Top bodybuilding contender William Bonac destroys his legs with the 2022 Olympia a month out.
Ghanaian-Dutch IFBB Pro bodybuilder William Bonac is putting it into high gear as the 2022 Olympia draws closer and demolishes a leg workout. William Bonac is one of the top contenders competing in Olympia’s Men’s Open divisions. He’s an 8x Mr. Olympia contender and was the runner-up (second to Brandon Curry) at the 2019 Olympia. And he won the 2020 Arnold Classic.
After the pandemic, Bonac hid in the shadows of other top Olympia contenders, finishing outside the top five at the 2021 Olympia. However, William Bonac’s spectacular runner-up finish behind Brandon Curry at the 2022 Arnold Classic has many spectators believing Bonac will give “Big Rammy” a run for his money.

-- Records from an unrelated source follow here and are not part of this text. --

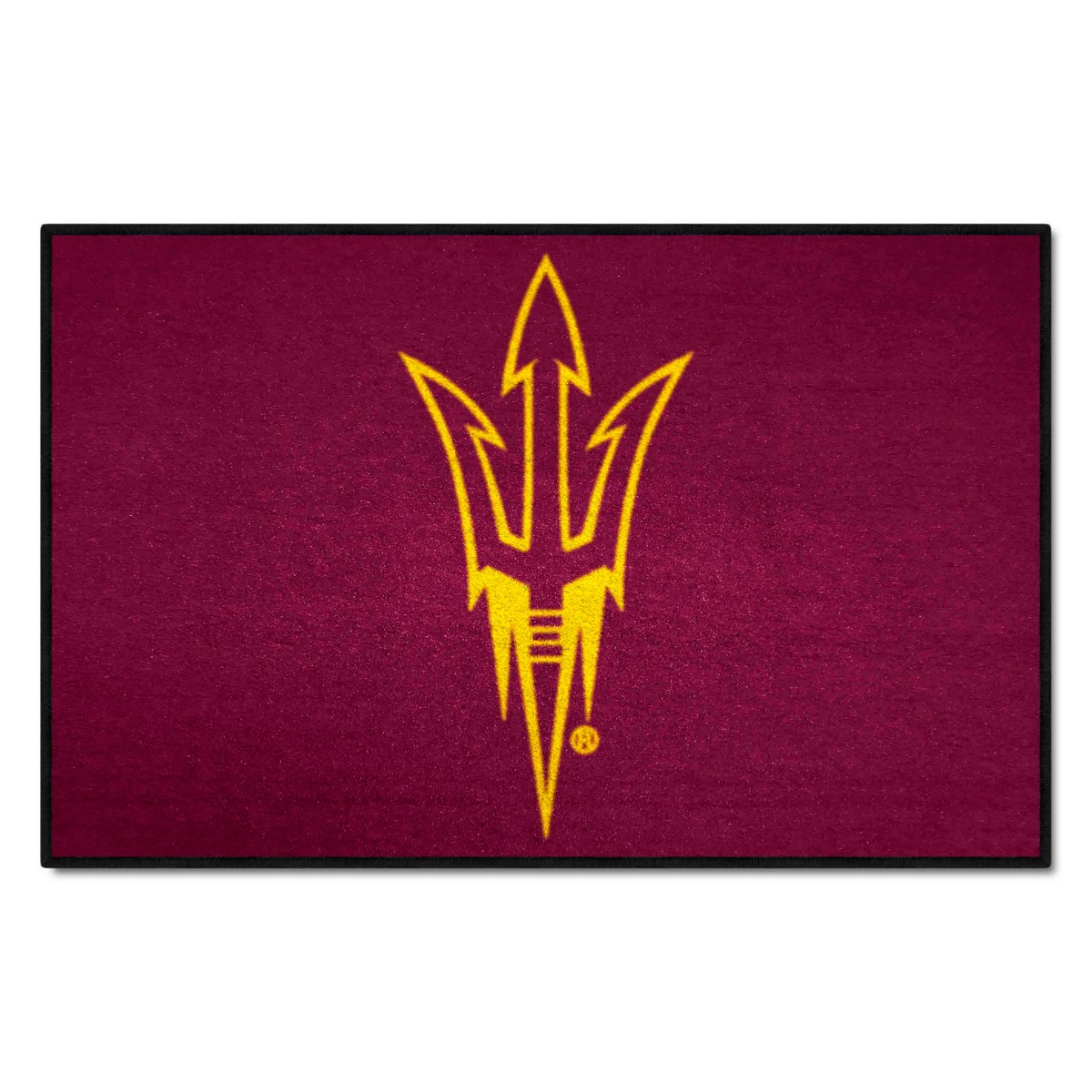 | Arizona State Sun Devils Starter Mat Accent Rug - 19in. x 30in., Pitchfork Logo 9 Ounce, 100 % Nylon Face Recycled vinyl backing for a durable and longer-lasting product Machine made and tufted in the USA Non-skid backing with serged borders for added durability Machine washable; vacuum regularly and spot clean for any easy and quick clean Officially licensed and chromojet-printed in true team colors for vibrant, lasting color Arizona State University in Arizona |
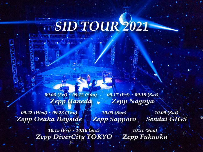 1) SID TOUR 2021 Taking place between Sept to Oct 2021年9月3日(金)東京都 Zepp Haneda(TOKYO) 2021年9月12日(日)東京都 Zepp Haneda(TOKYO) 2021年9月17日(金)愛知県 Zepp Nagoya 2021年9月18日(土)愛知県 Zepp Nagoya 2021年9月22日(水)大阪府 Zepp Osaka Bayside 2021年9月23日(木・祝)大阪府Zepp Osaka Bayside 2021年10月3日(日)北海道 Zepp Sapporo 2021年10月9日(土)宮城県 SENDAI GIGS 2021年10月15日(金)東京都 Zepp DiverCity(TOKYO) 2021年10月16日(土)東京都 Zepp DiverCity(TOKYO) 2021年10月31日(日)福岡県 Zepp Fukuoka 2) New song - Jiu no Kuchizuke Chosen as the opening theme song for the China Chinese anime Heaven Official's Blessing TOKYO MX and BS11 will began broadcasting the Japanese dubbed version of Heaven Official's Blessing from July onwards No word for now when Jiu no Kuchizuke will be released as SID's next single https://natalie.mu/music/news/428410 https://twitter.com/sid_staff/status...83932400173056 https://twitter.com/tgcf_anime/statu...83931209052160
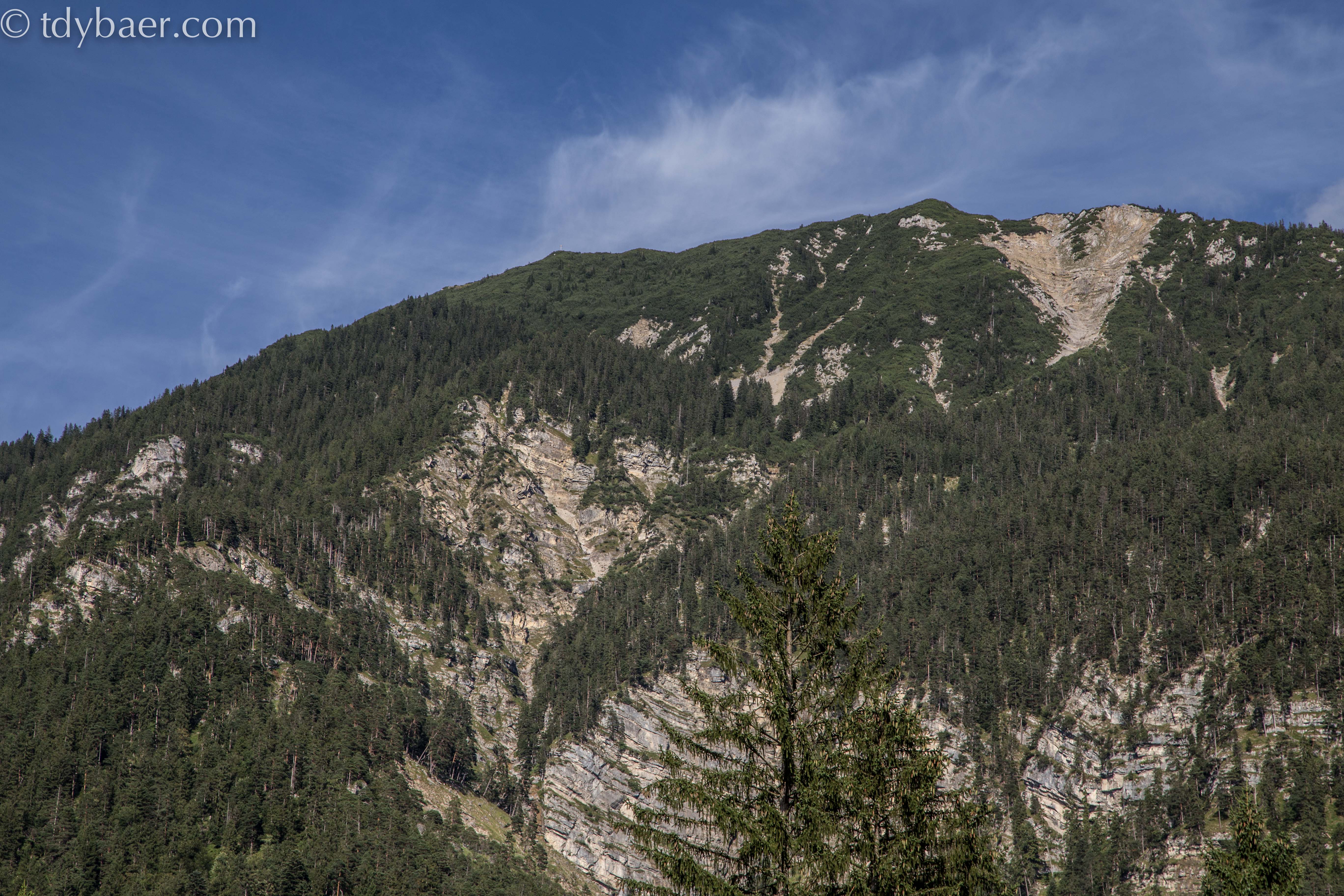 Noch ein letzter Blick auf die Soiernspitze bevor sie hinter den Bäumen verschwindet. Durch den Wald, über einen steilen Forstweg und wieder durch den Wald und über Wiesen …
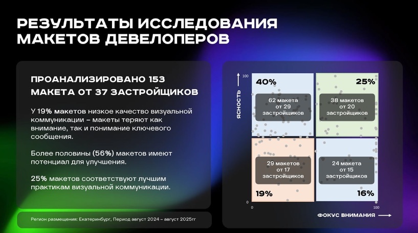 Рекламная группа «Арифметика» исследовала эффективность наружной рекламы, которую застройщики размещали с августа 2024 года по август 2025 года. Специалисты при помощи платформы SenseMachine проанализировали 153 рекламных макета от 37 строительных компаний и выяснили, насколько наружная реклама эффективна. Результатами исследования с 66.RU поделились Be Brand People. Искусственный интеллект (ИИ), который обучили на основе того, как работает человеческое внимание, пришел к выводу, что только 25% макетов четко передавали сообщение и вызывали интерес. Еще 56% требуют серьезной доработки. Оставшиеся 19% полностью провалили оба критерия — такие макеты не замечают и не понимают. По словам основателя SenseMachine Владимира Марголина, главные ошибки — перегруженность деталями, отсутствие визуального акцента и «слепые зоны», на которые никто не обращает внимания. За год застройщики потратили на наружную рекламу 534 млн рублей. Если 75% макетов оказались неэффективными, застройщики потратили впу
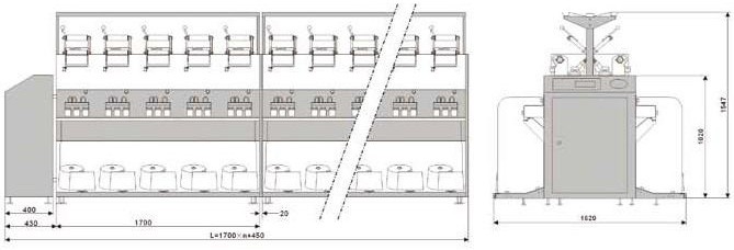 本產(chǎn)品可把2~4股棉、毛、及混紡紗線合并卷繞成并紗筒子,適用于倍捻機等后道工序的加工。【 產(chǎn)品特點 】>>實行機電一體化設(shè)計制造,結(jié)構(gòu)簡練,易安裝調(diào)整,操作簡單方便, 并具有中央電腦程序設(shè)置,單錠電機、電子定長、滿筒自停、電子 防疊、變頻調(diào)速、單錠控制、斷紗自停、單錠清零、數(shù)據(jù)記憶、產(chǎn)量 統(tǒng)計等功能>>可選購裝置:隔紗板、空器捻接器、清潔裝置、導(dǎo)輪配置。【 技術(shù)參數(shù) 】
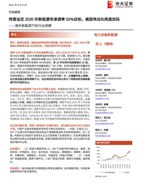 【光大证券】【20210805】海外新能源汽车行业观察:拜登设定2030年新能源车渗透率50%目标,美国电动化再度加码-2页 行业研究
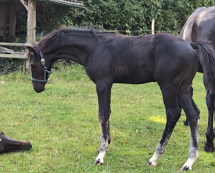 Am 10. Mai ist er geboren und weiß sich schon zu präsentieren. Nicht nur sehr hübsch, sondern auch Menschenfreundlich und verschmust .Der Hengst steht auf korrektem Fundament ohne Fehlstellungen. Die Mutter ist Staatsprämienstute , der Vater hat auch allerbeste Dressurabstammung und war Prämienhengst .Erfolgreicher Mutterstamm bis S- Dressur.

And he indeed has the backing now to stand neck and neck with other top 2022 Olympia competitors, such as Michael Krizo, Blessing Awodibu, and Ian Valliere. In addition to his outstanding 2022 Arnold Classic performance, Bonac went on to win the 2022 Boston Pro to qualify for the 2022 Olympia.
With the 2022 Olympia taking place in a month on December 15-18, 2022, Bonac has been putting in work in the gym to fix any weaknesses that landed him a silver medal at Arnold Classic. He looked incredible in the physique update he shared 6.5 weeks after the 2022 Olympia. And because age isn’t on his side compared to some of the younger contenders at 40 years old, he’s turned the volume up on his workouts to make up the age gap. He recently put his legs through an insane leg workout.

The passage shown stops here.